華峰指間夾著煙,眉頭微皺,情緒太過斑雜以至于令人難以讀懂,他吸了口煙,摁下車鎖,道:“下車。”
王安羽愣住,幾乎從未有過的惱怒情緒涌上,他以為他是誰?半路趕她下車?他剛那樣問,她還以為他在吃醋,原來..不是。比生氣更多的情緒,是傷心。
“他們就在后面跟著,會送你回去。”華峰又抽了口煙,他揉了揉眉心。
王安羽轉首,在車后視鏡看了眼,不遠處果然跟著幾輛黑車,生意做得大的人平時出門都是幾輛車跟隨,譬如成舟的父親。
華峰這天天給她開車也是被她用尹素游逼成了這樣。但往往不遠處會跟著他的手下。
看王安羽還是不動,華峰側首看她,剛在她口中挑弄的那雙手狠狠捏住她下巴,他語氣低沉,已經是極度的壓抑:“王安羽,不想我一會弄死你就下車。”
樹影斑駁,昏暗的路燈透進車窗,他指間的煙還在燃燒,煙霧后他鋒利的輪廓性感之余,多了分寥落。
王安羽感覺心像一根弦被繃緊了一樣,突然那氣就消了,她沒有說話,而是微微垂首,輕輕抓住他捏著她下巴的那只手腕,另一只手從車儲物盒取了一袋濕巾出來。
車內緊張停滯的氣氛隨著她的動作粘稠起來。
王安羽手也很漂亮,保養得上佳的滑膩嫩白,指甲修剪得圓潤干凈,透著健康溫柔的粉色,她低著頭拿濕巾細心為他擦拭他手指上剛在她口中挑逗她舌頭而沾上的口水。
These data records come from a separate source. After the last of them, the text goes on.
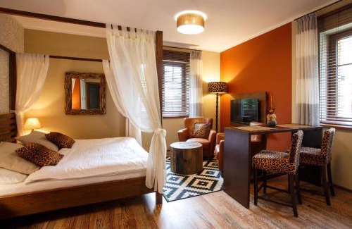 Vila Terra provides a hot spring bath and a hot tub, as well as accommodations with a kitchenette in Luhačovice. The condo hotel offers a spa experience, with its spa facilities, wellness packages, and steam room. There's a sun terrace and guests can access free Wifi and free private parking. The units at the condo hotel come with air conditioning, a seating area, a flat-screen TV with satellite channels, a safety deposit box, and a private bathroom with a shower, bathrobes, and slippers. A fridge, a minibar, and kitchenware are also featured, as well as a coffee machine and a kettle. At the condo hotel, all units include bed linen and towels. A selection of options including fresh pastries, champagne, and pancakes are served for the buffet breakfast. Sightseeing tours are available within a reachable distance. Guests can swim in the indoor pool, go cycling or hiking, or relax in the garden.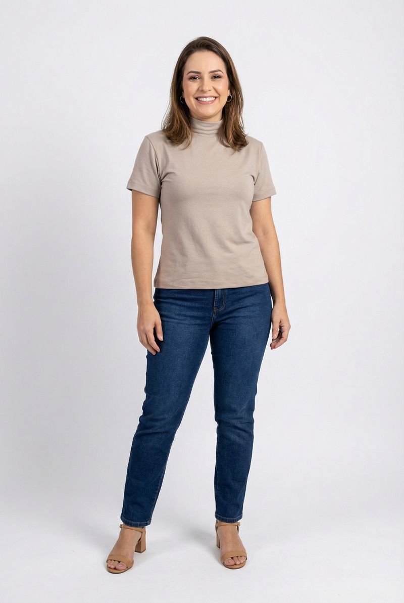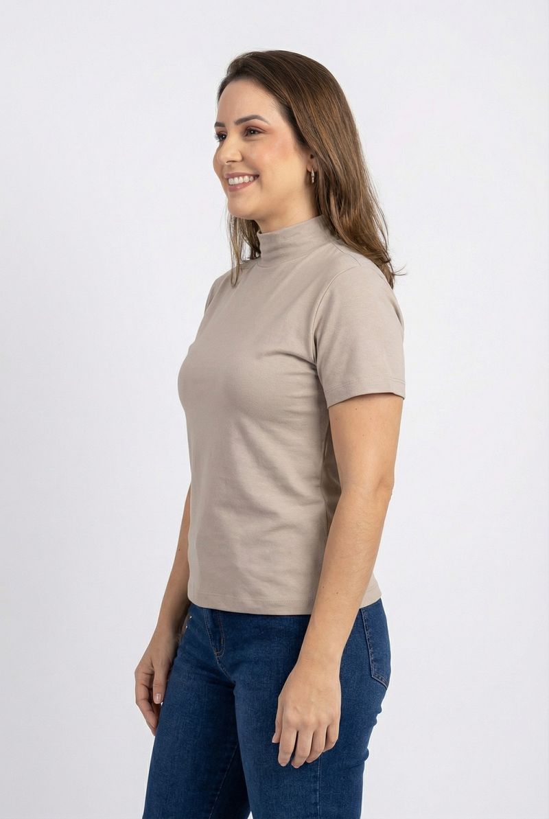 Blusa fem rom prog m/c gola alta bg cl bege claro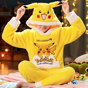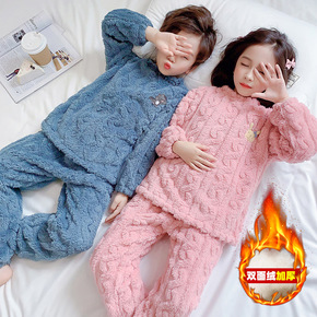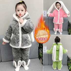 秋冬儿童法兰绒睡衣男女童加绒加厚珊瑚绒家居服暖暖套...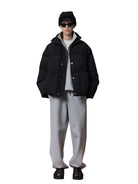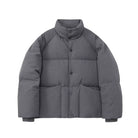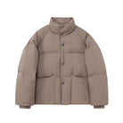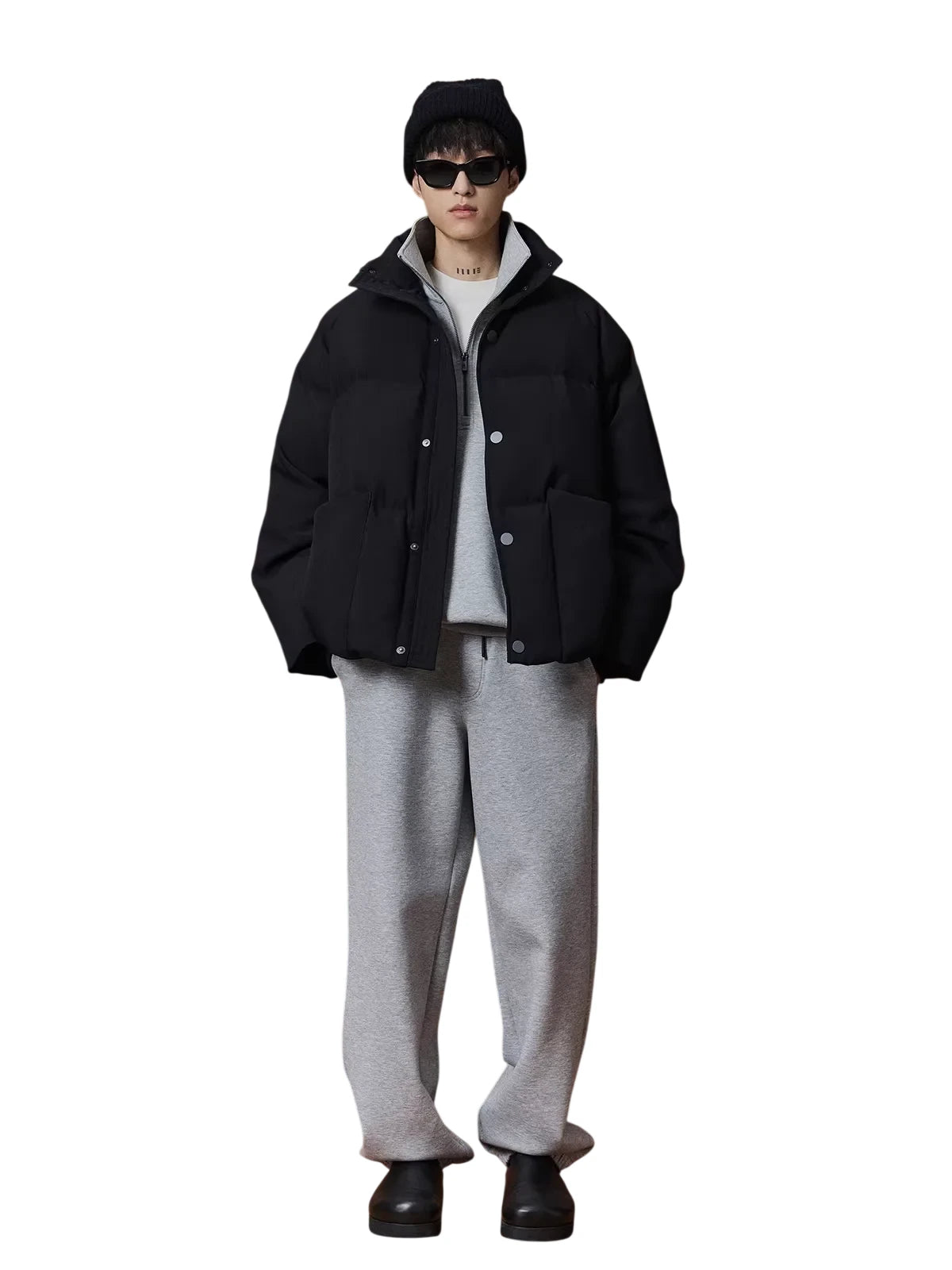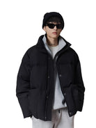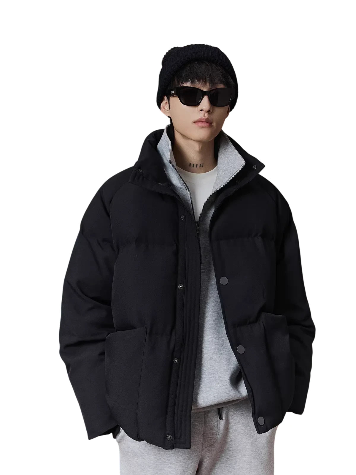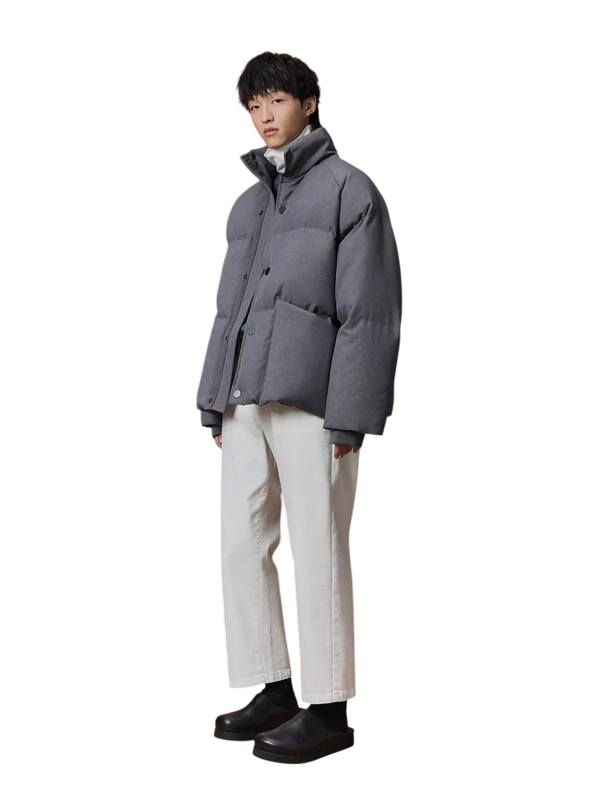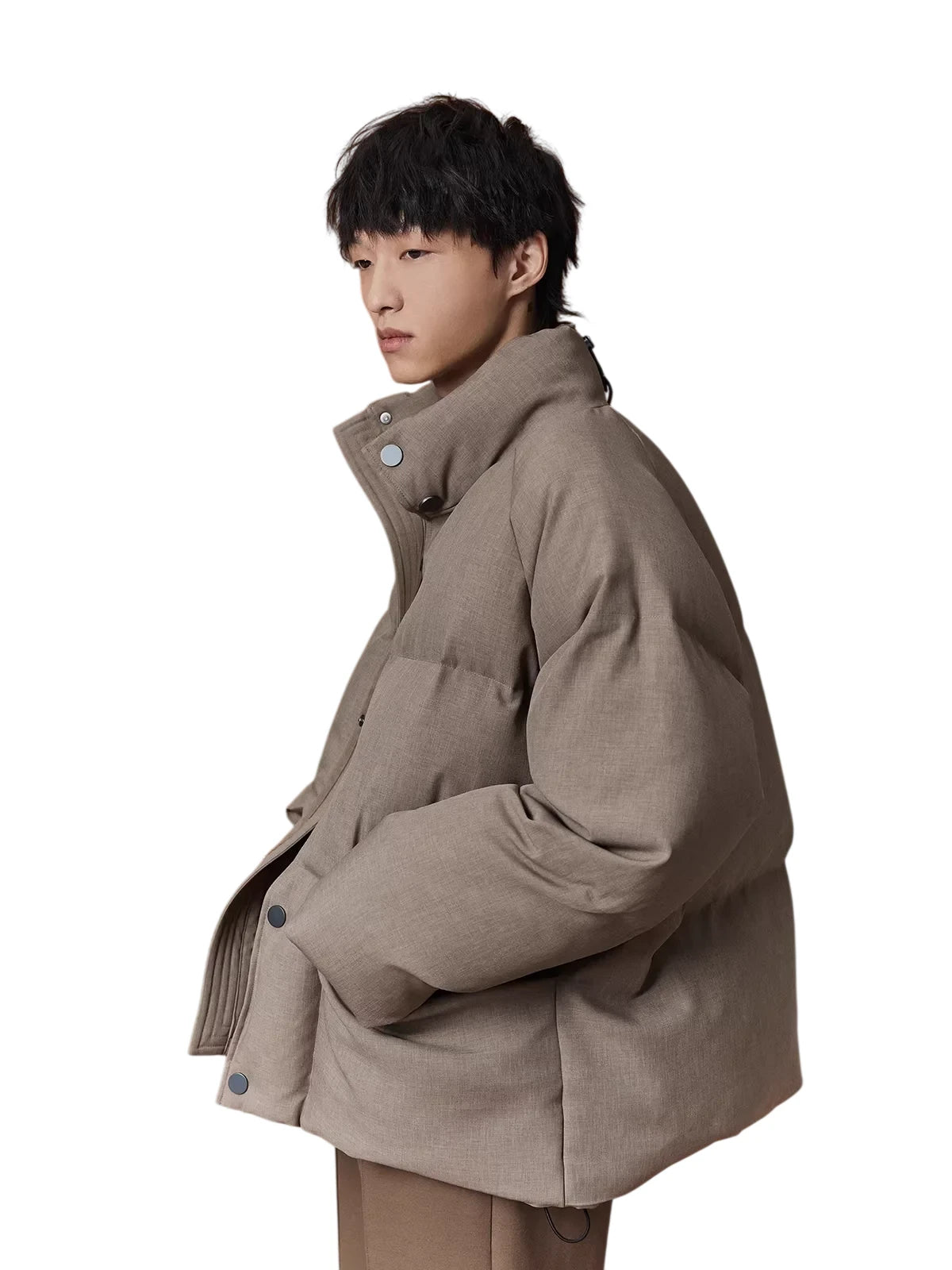 Designed for cold weather, this men's heavyweight down puffer jacket offers superior warmth and comfort. Crafted with a fine wool-feel blended fabric and a twill texture, it features raglan sleeves for ease of movement and a high-neck design to protect against the elements. The wide quilted construction and snap button closure add both style and insulation, making it perfect for modern, urban winter layering.

女人的手指那樣柔軟白皙,握著他骨節分明的大手輕柔細心擦拭,仿佛捧著男人的刀或者槍在擦拭,又仿佛在擦拭男人的性器。
他手上那些拿刀弄槍留下的繭子在她嬌軟的皮膚下開始發燙、發痛、發癢。
華峰幾乎能聽到自己胸腔粗沉的喘息,煙霧繚繞里,他輕輕瞇起眼,“王安羽,你在做什么?”
“我在給你擦手。”王安羽安靜回他,她說得那樣理所應當,仿佛做著這樣色情的動作,但她就只是為了給他擦手而已。
“擦手?”華峰低笑一聲,不語。
他看王安羽細致得為他拿濕巾擦了手指再拿紙巾擦干,隔著煙霧,才說:“王安羽,我不是好人。”
王安羽給他擦干了手將紙巾丟進垃圾兜,細細凝視著他,從任何一個角度看,這都是一個相當俊美的男人,更不要提他身上那種烈酒冷刃一樣的氣質,很容易讓女人著迷,尤其是她這種富貴閑人。
她沒有說你是,或者我不介意這種話。她不喜歡說假話,更不想對他說假話。
王安羽認真問:“華峰,你販過毒嗎?”
華峰唇角的淡笑停留在臉上。他可以直接說:有。
那么他相信王安羽會立刻下車離開,以后也不會再和他聯系。這是王安羽,原則性極強的王安羽。
剛好他剛不就想趕她走嗎?
“沒有。”華峰說了實話。
王安羽面上嚴肅的表情終于松懈了些,她又問:“那你有強迫那些失足女孩去賣淫嗎?或者去做權色交易。”
“沒有。”華峰唇角的笑意擴大。
王安羽訝然,她知道他在說實話,他沒必要騙她,也不是那種會撒謊的男人,但是這怎么可能?黑社會不干這些喪盡天良的事怎么賺錢?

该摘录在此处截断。